» Try it:
Repeat everything in the listing exactly, except for the images.

» Provided data:
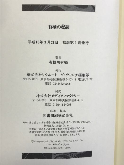 タイトル:有栖の乱読 (ダ・ヴィンチブックス ダ・ヴィンチミステリーシリーズ) KADOKAWA(メディアファクトリー) 有栖川 有栖
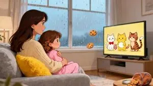 空气里有饼干香,电视里放着轻轻的音乐,
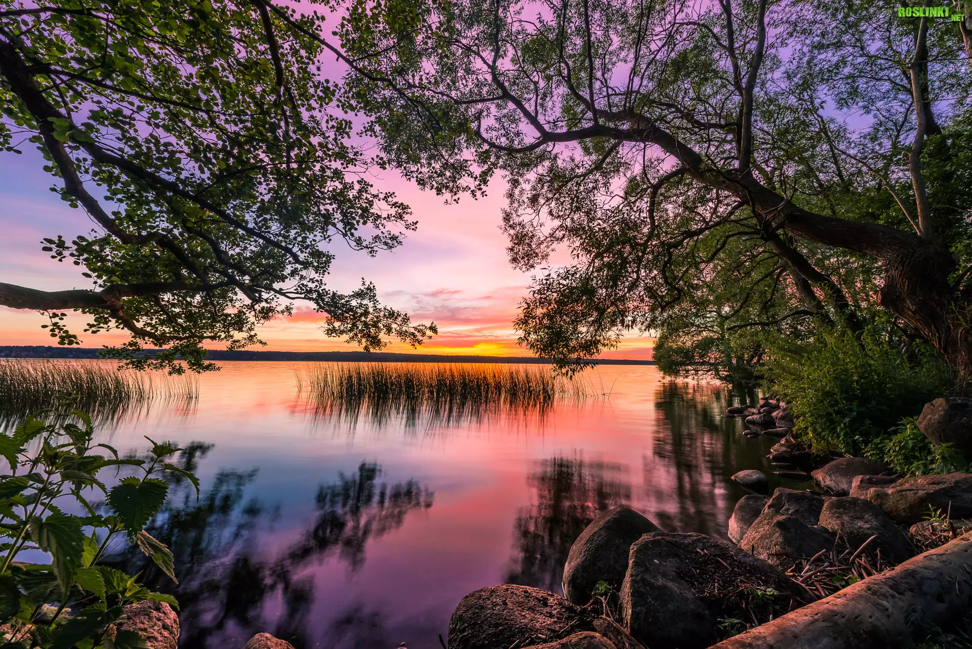 Rośliny: Jezioro, Drzewa, Kamienie, Zachód słońca, Odbicie

» Completed exercise:
 タイトル:有栖の乱読 (ダ・ヴィンチブックス ダ・ヴィンチミステリーシリーズ) KADOKAWA(メディアファクトリー) 有栖川 有栖
 空气里有饼干香,电视里放着轻轻的音乐,
 Rośliny: Jezioro, Drzewa, Kamienie, Zachód słońca, Odbicie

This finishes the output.